Assignment
Your transcription must include every record word for word and no pictures.

Provided records
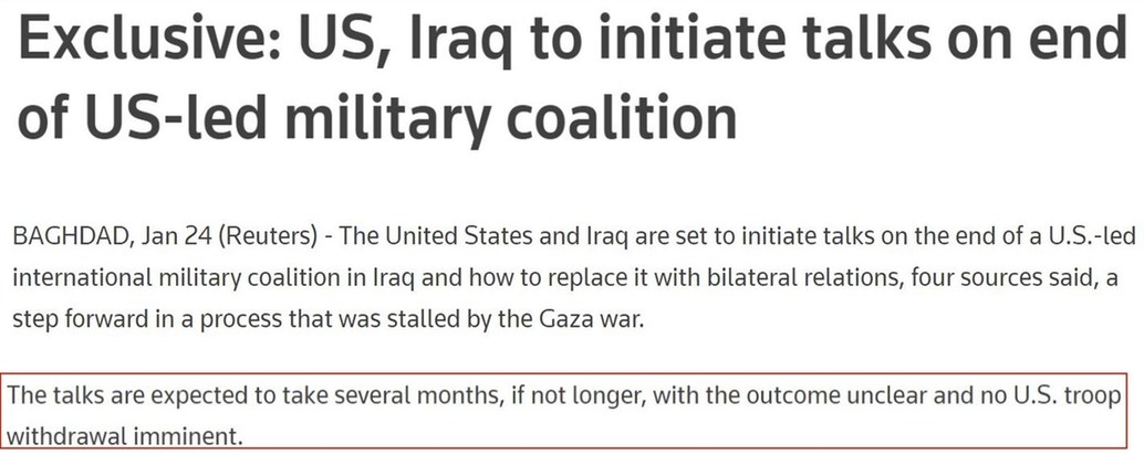 分析人士指出,此前伊拉克政府也曾通过投票,取消驻伊美军,但美国总有借口和办法保留在伊部队。
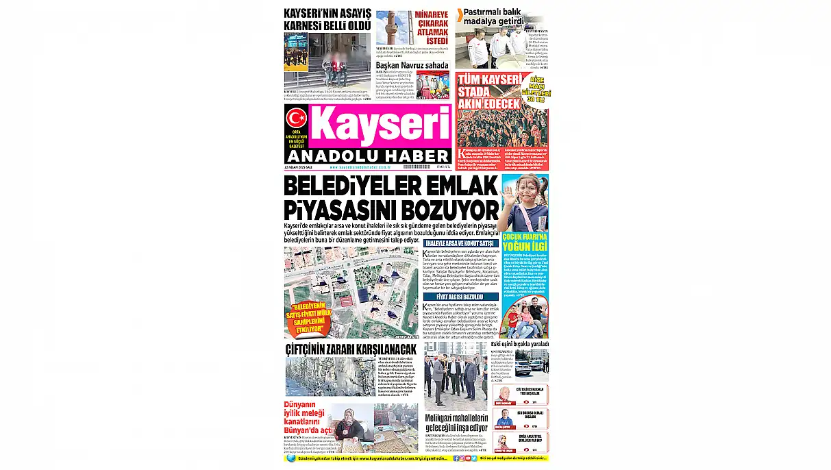 Anadolu Haber manşetinde emlak piyasasında yaşanan sorunları dile getirdi. ‘Belediyeler emlak piyasasını bozuyor’ başlığı ile gündeme getirilen haberde, ‘Belediyelerin sattığı arsa ve konutlar emlak piyasasında fiyatları yükseltiyor’ yorumu üzerine Kayseri’de bulunan emlakçılar ve Kayseri Emlakçılar Odası Başkanı Selim Atasoy’dan görüş alındı. Anadolu Haber ekibi, emlakçı esnafları belediyelerin arsa ve konut satışının piyasayı yükselttiği görüşünde birleşirken, Kayseri Emlakçılar Odası Başkanı Selim Atasoy da bu satışların vadeli olmasının vatandaşı cezbettiğini aktararak afaki bir artışın olmadığını ifade ettiğini aktardı.
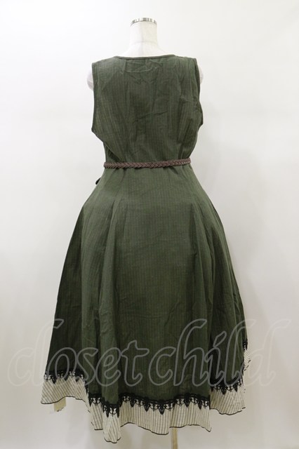 Forest Song(海外ロリータブランド) / 灰緑の縦縞クラシカルジャンパースカート XL グリーン H-26-01-08-083-LO-OP-NS-ZH
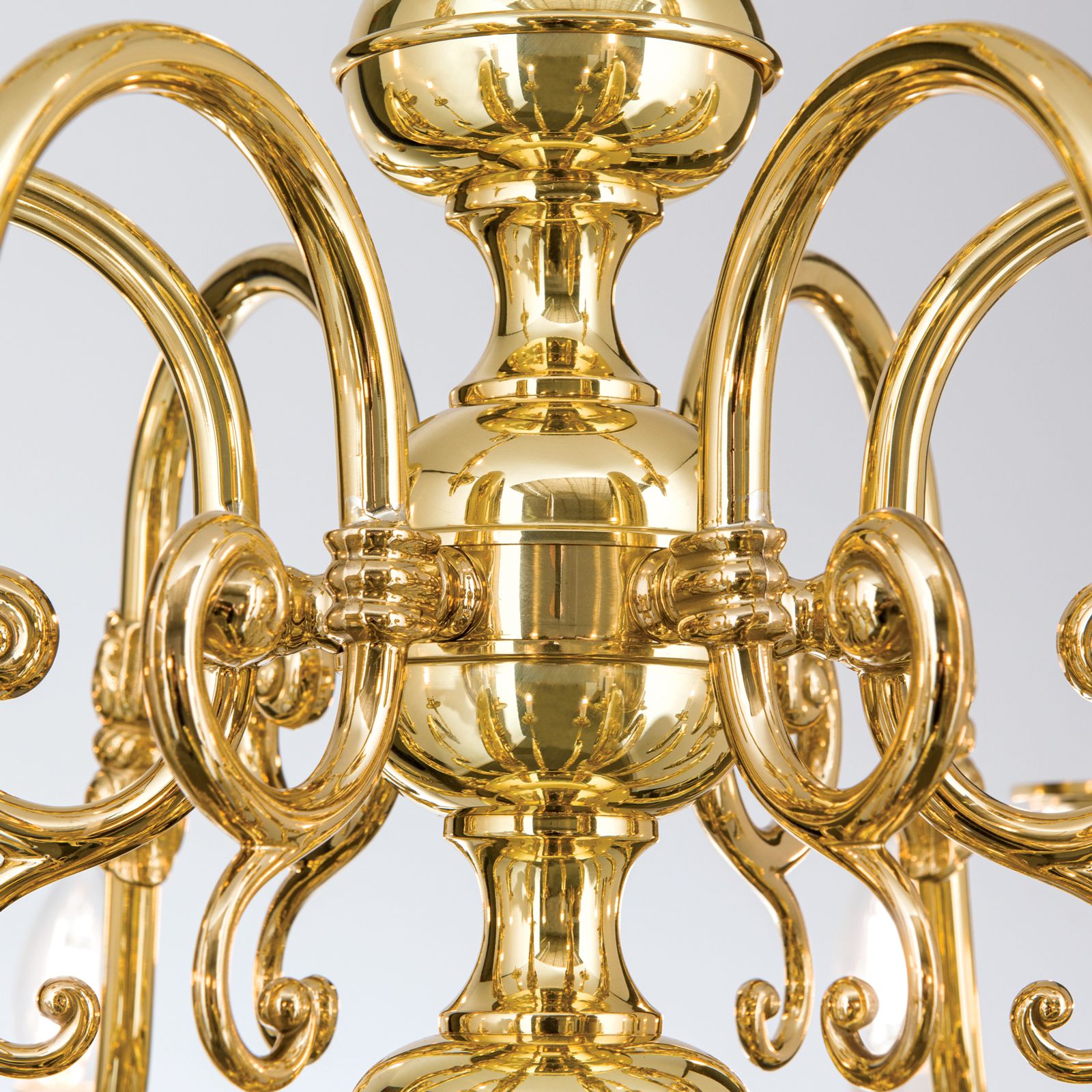 Der Stilluster aus der FLÄMISCH-Reihe ist ein Paradebeispiel für Ausgewogenheit: eine mathematische Reihe - 3-6-12 - bestimmt die Anordnung der Flammen, erwirbt aber gerade durch diese Strenge eine emporstrebende Leichtigkeit. Die Geometrie der Armbogen entwickelt eine schwungvolle Dynamik, die Zurückhaltung in der Ornamentik lässt die dezenten Zierelemente - Voluten, Ranken, Profilierung des Schaftes und der Deckenrosette - umso mehr strahlen. Die imposanten Ausmaße des Lusters mit einem Durchmesser von mehr als einem Meter und einer Abhängung von 166 Zentimetern sind geeignet, einen 60 Quadratmeter großen Raum mit ausreichend Licht zu versorgen. Der Luster verfügt über 21 E14-Fassungen für je maximal 40 Watt.
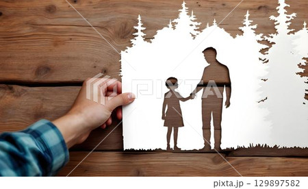 Paper cutout of a father and daughter holding hands, set against a wooden background for a heartfelt Father's Day theme
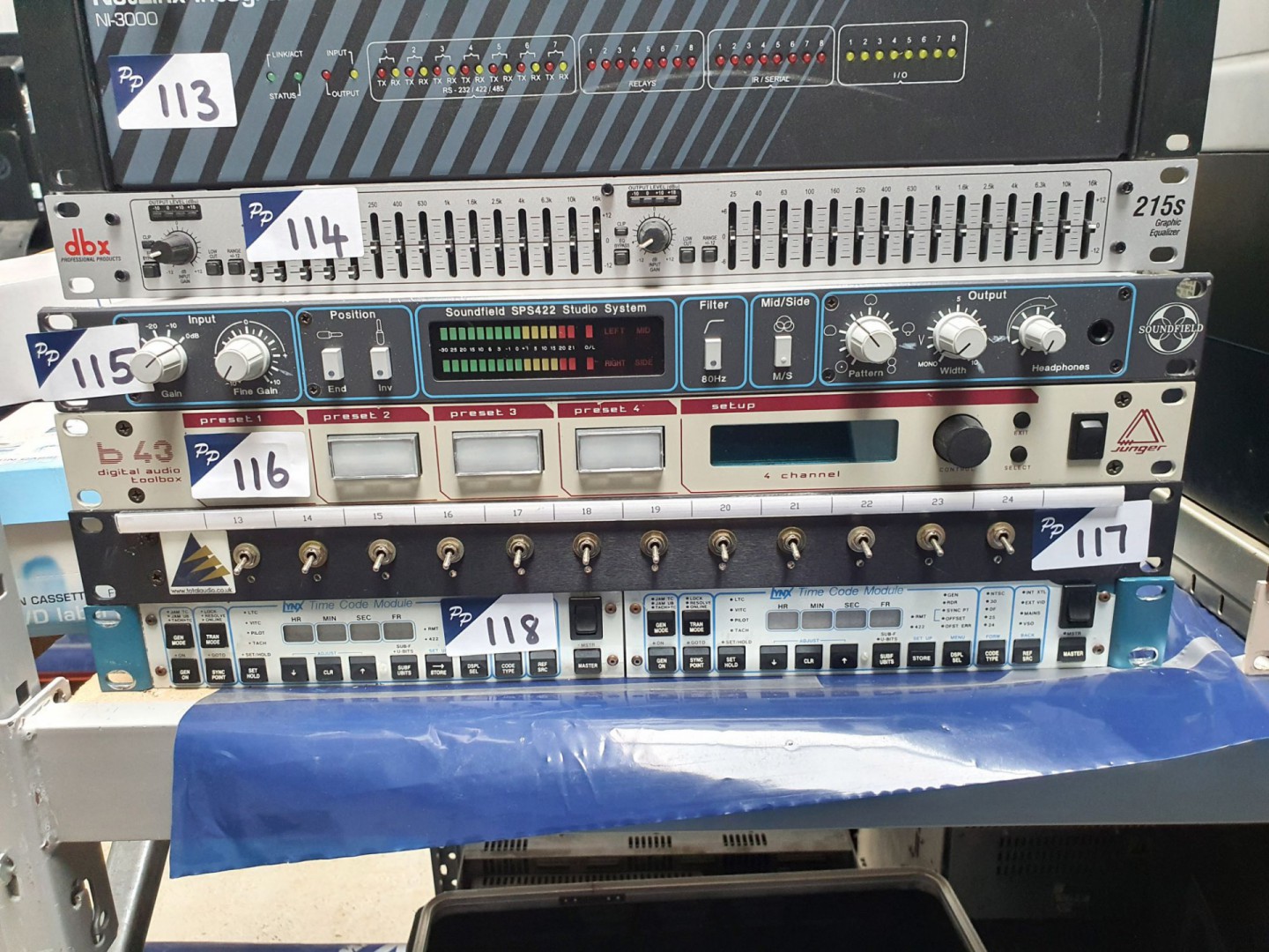 Fostex 80 reel to reel recorder – reproducer. Infortrend hard drive storage unit. Sony DMU-3024 digital meter unit. BTS BCB75, Sony DVR-28P, VO-5800PS, DVW-A500P, DVW-A510, DSR-1500, BVU-870P video cassette recorders / players. Sony DMR-2000 & Sony DMR-4000 digital master recorder. Marantz RC640CDR compact disc remote. 2x Audio Design DMM digital mini mixing consoles. Klark Teknik 3rd dimension BBD-320 analog multi-dimensional signal processor. Tektronix 118-AS audio synchroniser. Tektronix VS211A PAL video synchroniser. Tektronix 1741A waveform / vector monitor, TSL monitoring unit. Adams Smith Hudson 2600 System. 2x Tektronix 1721 vector scopes. Tektronix 143 Secam test signal generator. Qty Sony, Panasonic CRT monitors. 2x Sony PCM-1600 PCM audio unit. CPE Medisafe sonic irrigator. Sony BVR-20 remote control box. Korg Triton-Rack expandable HI module sampler. Blip MA2 control with remote. Sony PCM-7040, PCM-2500A, PCM 2500B, PCM-R500 digital audio recorder. Kramer VM-5AR11 video audio distribution amp. Tascam DX-4D professional noise reduction unit. 3x Sony MDS-B5 MD recorder. Electronic projector screen. Amonstar YJ-1500QZ stage fog machine. Sony SDP-1000 digital audio effector. JVC SA-T41E time base corrector. Sony DFX-2400 sampling rate converter. Nakamichi NR-200 noise reduction system. Sony DMR-2000 digital master recorder. 3x Sony PCM-9000 master disc recorder. 2x Revox G36 stereo reel to reel tape machine. Sanyo G-2615H-2 solid state stereo music centre. 2x Auso ELA75-77 PPM. Sony PS-T1 direct drive stereo turntable. Sanyo VTC-9300PN Betacord video cassette recorder. Qty transit cases. Nakamichi 1000 tri-tracer 3 head cassette system. Manitron monitor. 2x Sony DMX-R100 digital audio mixing console. Revox A700 reel to reel tape recorder. Qty various rack type shelves etc. AMX NI-3000 Netlink integrated controller. DBX 215S graphic equaliser. Soundfield SPS422 studio meter system. Junger B43 digital audio toolbox
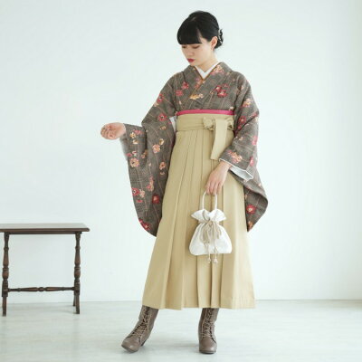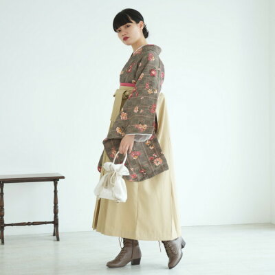 【販売用ページ】2尺袖着物 袴 2点セット 袴91cm-99cm(適応身長約153-170cm) 袴セット 卒業式 国産生地 大学生 女性 チェック 販売 購入 ベージュ系 女性ピンク 黒 緑 ブラウン 千鳥格子 花 重ね衿縫い付済 洋風 かわいい くすみカラー 専門学校 卒服 卒業式
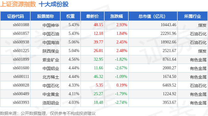 上证资源(000068)指数十大成份股详情如下:
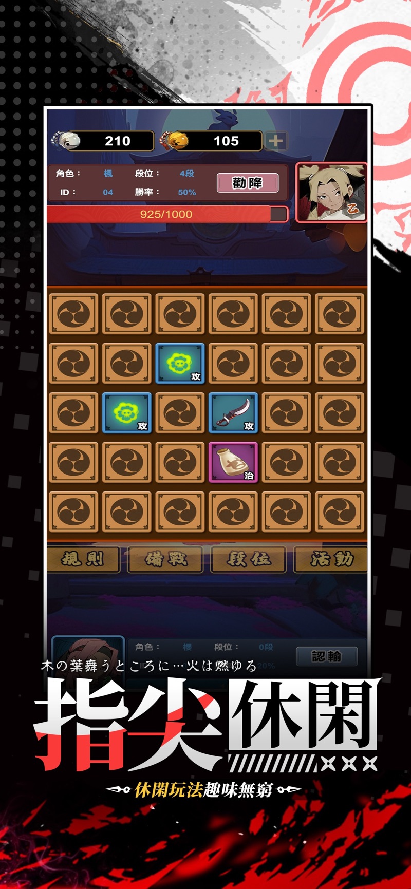 3、等级系统也非常的有特色,分为忍者级、试炼级、雇佣级、传奇级、神话级等,越往上级别越高越难。

Answer box
 分析人士指出,此前伊拉克政府也曾通过投票,取消驻伊美军,但美国总有借口和办法保留在伊部队。
 Anadolu Haber manşetinde emlak piyasasında yaşanan sorunları dile getirdi. ‘Belediyeler emlak piyasasını bozuyor’ başlığı ile gündeme getirilen haberde, ‘Belediyelerin sattığı arsa ve konutlar emlak piyasasında fiyatları yükseltiyor’ yorumu üzerine Kayseri’de bulunan emlakçılar ve Kayseri Emlakçılar Odası Başkanı Selim Atasoy’dan görüş alındı. Anadolu Haber ekibi, emlakçı esnafları belediyelerin arsa ve konut satışının piyasayı yükselttiği görüşünde birleşirken, Kayseri Emlakçılar Odası Başkanı Selim Atasoy da bu satışların vadeli olmasının vatandaşı cezbettiğini aktararak afaki bir artışın olmadığını ifade ettiğini aktardı.
 Forest Song(海外ロリータブランド) / 灰緑の縦縞クラシカルジャンパースカート XL グリーン H-26-01-08-083-LO-OP-NS-ZH
 Der Stilluster aus der FLÄMISCH-Reihe ist ein Paradebeispiel für Ausgewogenheit: eine mathematische Reihe - 3-6-12 - bestimmt die Anordnung der Flammen, erwirbt aber gerade durch diese Strenge eine emporstrebende Leichtigkeit. Die Geometrie der Armbogen entwickelt eine schwungvolle Dynamik, die Zurückhaltung in der Ornamentik lässt die dezenten Zierelemente - Voluten, Ranken, Profilierung des Schaftes und der Deckenrosette - umso mehr strahlen. Die imposanten Ausmaße des Lusters mit einem Durchmesser von mehr als einem Meter und einer Abhängung von 166 Zentimetern sind geeignet, einen 60 Quadratmeter großen Raum mit ausreichend Licht zu versorgen. Der Luster verfügt über 21 E14-Fassungen für je maximal 40 Watt.
 Paper cutout of a father and daughter holding hands, set against a wooden background for a heartfelt Father's Day theme
 Fostex 80 reel to reel recorder – reproducer. Infortrend hard drive storage unit. Sony DMU-3024 digital meter unit. BTS BCB75, Sony DVR-28P, VO-5800PS, DVW-A500P, DVW-A510, DSR-1500, BVU-870P video cassette recorders / players. Sony DMR-2000 & Sony DMR-4000 digital master recorder. Marantz RC640CDR compact disc remote. 2x Audio Design DMM digital mini mixing consoles. Klark Teknik 3rd dimension BBD-320 analog multi-dimensional signal processor. Tektronix 118-AS audio synchroniser. Tektronix VS211A PAL video synchroniser. Tektronix 1741A waveform / vector monitor, TSL monitoring unit. Adams Smith Hudson 2600 System. 2x Tektronix 1721 vector scopes. Tektronix 143 Secam test signal generator. Qty Sony, Panasonic CRT monitors. 2x Sony PCM-1600 PCM audio unit. CPE Medisafe sonic irrigator. Sony BVR-20 remote control box. Korg Triton-Rack expandable HI module sampler. Blip MA2 control with remote. Sony PCM-7040, PCM-2500A, PCM 2500B, PCM-R500 digital audio recorder. Kramer VM-5AR11 video audio distribution amp. Tascam DX-4D professional noise reduction unit. 3x Sony MDS-B5 MD recorder. Electronic projector screen. Amonstar YJ-1500QZ stage fog machine. Sony SDP-1000 digital audio effector. JVC SA-T41E time base corrector. Sony DFX-2400 sampling rate converter. Nakamichi NR-200 noise reduction system. Sony DMR-2000 digital master recorder. 3x Sony PCM-9000 master disc recorder. 2x Revox G36 stereo reel to reel tape machine. Sanyo G-2615H-2 solid state stereo music centre. 2x Auso ELA75-77 PPM. Sony PS-T1 direct drive stereo turntable. Sanyo VTC-9300PN Betacord video cassette recorder. Qty transit cases. Nakamichi 1000 tri-tracer 3 head cassette system. Manitron monitor. 2x Sony DMX-R100 digital audio mixing console. Revox A700 reel to reel tape recorder. Qty various rack type shelves etc. AMX NI-3000 Netlink integrated controller. DBX 215S graphic equaliser. Soundfield SPS422 studio meter system. Junger B43 digital audio toolbox
 【販売用ページ】2尺袖着物 袴 2点セット 袴91cm-99cm(適応身長約153-170cm) 袴セット 卒業式 国産生地 大学生 女性 チェック 販売 購入 ベージュ系 女性ピンク 黒 緑 ブラウン 千鳥格子 花 重ね衿縫い付済 洋風 かわいい くすみカラー 専門学校 卒服 卒業式
 上证资源(000068)指数十大成份股详情如下:
 3、等级系统也非常的有特色,分为忍者级、试炼级、雇佣级、传奇级、神话级等,越往上级别越高越难。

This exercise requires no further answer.